Directions
Instruction for the listing below: copy exactly, and only, the lines from the one holding "仲介手数料不要 高丘北2丁目のネット無料1K! 洋間10帖と広めの1Kの最上階!ゆったりと一人暮らしを満喫したい方にお勧め!" through its last line, omitting any picture.

-------- Material provided

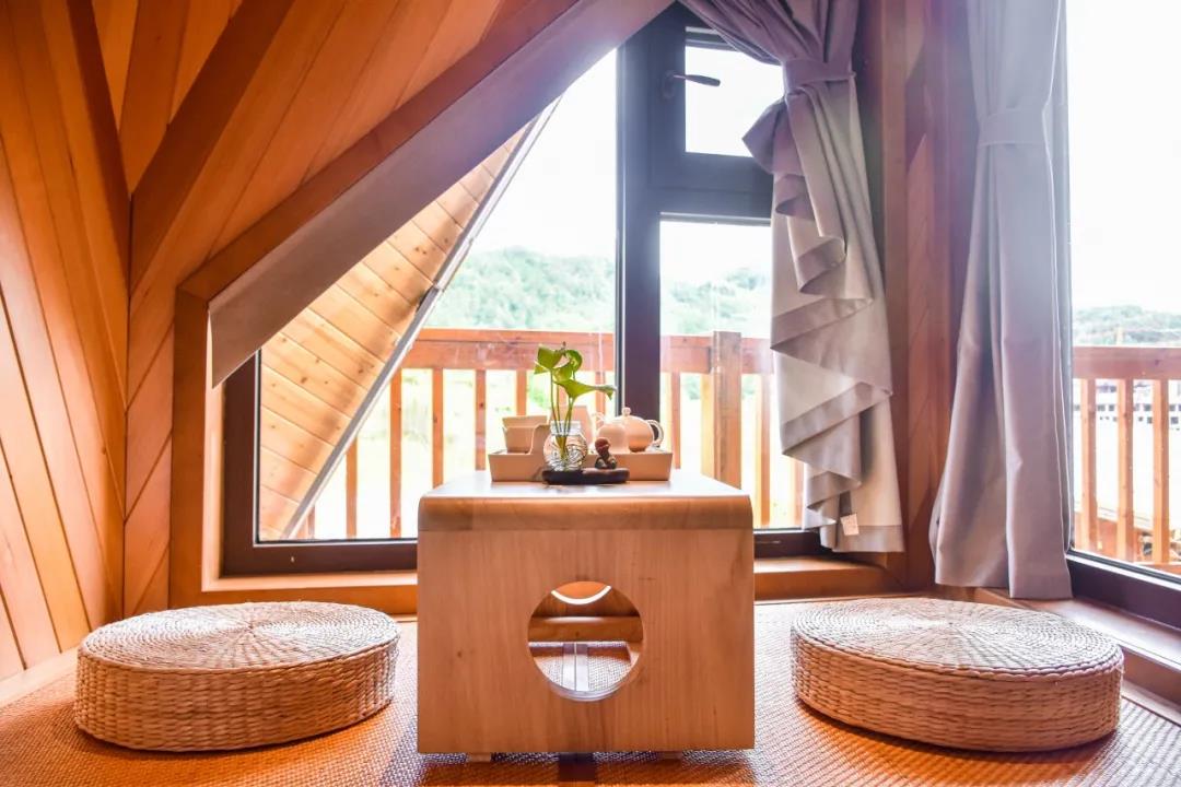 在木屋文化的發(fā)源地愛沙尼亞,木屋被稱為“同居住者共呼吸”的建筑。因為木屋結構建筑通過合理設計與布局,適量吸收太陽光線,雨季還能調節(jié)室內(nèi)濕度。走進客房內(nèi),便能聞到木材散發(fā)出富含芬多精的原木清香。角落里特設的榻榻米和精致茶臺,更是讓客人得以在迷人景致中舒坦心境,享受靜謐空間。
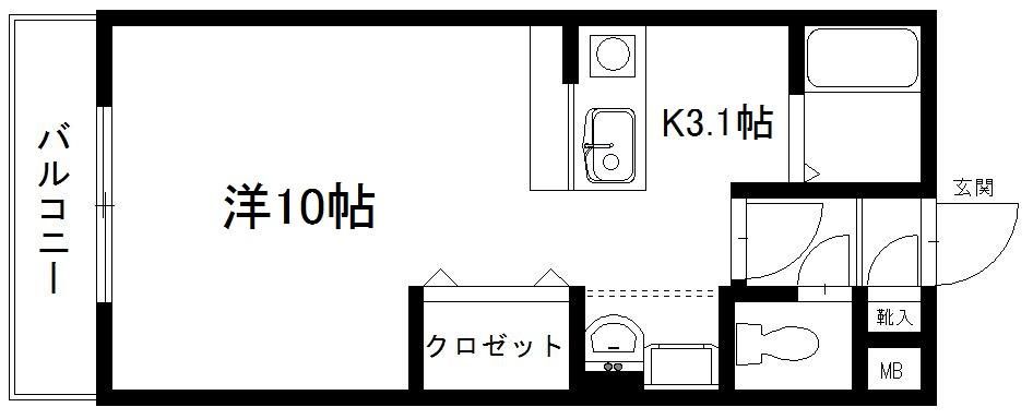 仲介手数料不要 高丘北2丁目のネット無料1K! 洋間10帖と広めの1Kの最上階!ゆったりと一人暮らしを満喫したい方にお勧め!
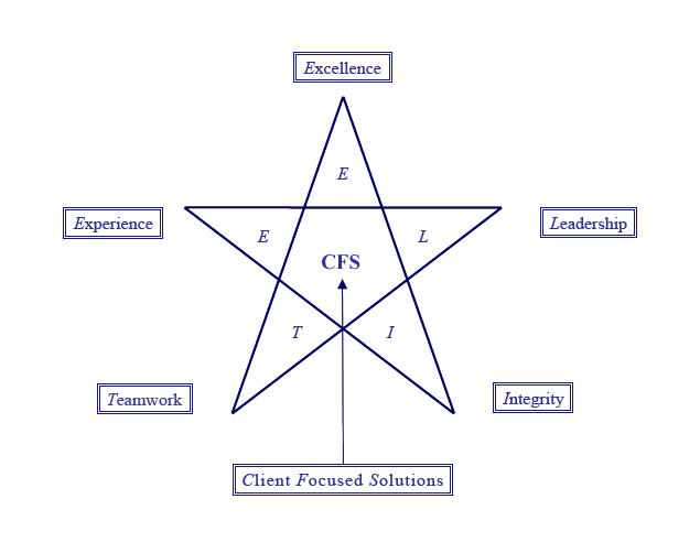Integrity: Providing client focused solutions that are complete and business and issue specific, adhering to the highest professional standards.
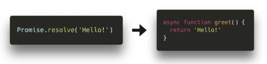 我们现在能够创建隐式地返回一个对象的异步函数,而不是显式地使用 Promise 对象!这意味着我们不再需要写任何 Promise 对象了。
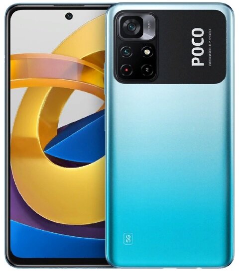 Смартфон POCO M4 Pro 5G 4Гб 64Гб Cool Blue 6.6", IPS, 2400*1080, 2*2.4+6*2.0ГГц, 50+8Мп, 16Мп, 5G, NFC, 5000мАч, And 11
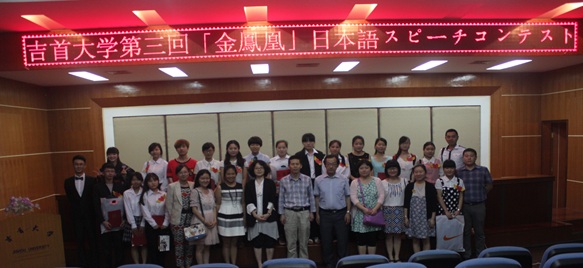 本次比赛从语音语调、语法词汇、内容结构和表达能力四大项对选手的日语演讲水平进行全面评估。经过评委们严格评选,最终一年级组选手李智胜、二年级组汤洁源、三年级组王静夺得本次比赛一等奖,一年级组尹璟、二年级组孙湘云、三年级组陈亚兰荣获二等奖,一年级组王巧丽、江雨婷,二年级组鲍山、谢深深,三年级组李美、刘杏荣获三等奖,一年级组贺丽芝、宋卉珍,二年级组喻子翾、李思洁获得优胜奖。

----------------

Task result
 仲介手数料不要 高丘北2丁目のネット無料1K! 洋間10帖と広めの1Kの最上階!ゆったりと一人暮らしを満喫したい方にお勧め!
Integrity: Providing client focused solutions that are complete and business and issue specific, adhering to the highest professional standards.
 我们现在能够创建隐式地返回一个对象的异步函数,而不是显式地使用 Promise 对象!这意味着我们不再需要写任何 Promise 对象了。
 Смартфон POCO M4 Pro 5G 4Гб 64Гб Cool Blue 6.6", IPS, 2400*1080, 2*2.4+6*2.0ГГц, 50+8Мп, 16Мп, 5G, NFC, 5000мАч, And 11
 本次比赛从语音语调、语法词汇、内容结构和表达能力四大项对选手的日语演讲水平进行全面评估。经过评委们严格评选,最终一年级组选手李智胜、二年级组汤洁源、三年级组王静夺得本次比赛一等奖,一年级组尹璟、二年级组孙湘云、三年级组陈亚兰荣获二等奖,一年级组王巧丽、江雨婷,二年级组鲍山、谢深深,三年级组李美、刘杏荣获三等奖,一年级组贺丽芝、宋卉珍,二年级组喻子翾、李思洁获得优胜奖。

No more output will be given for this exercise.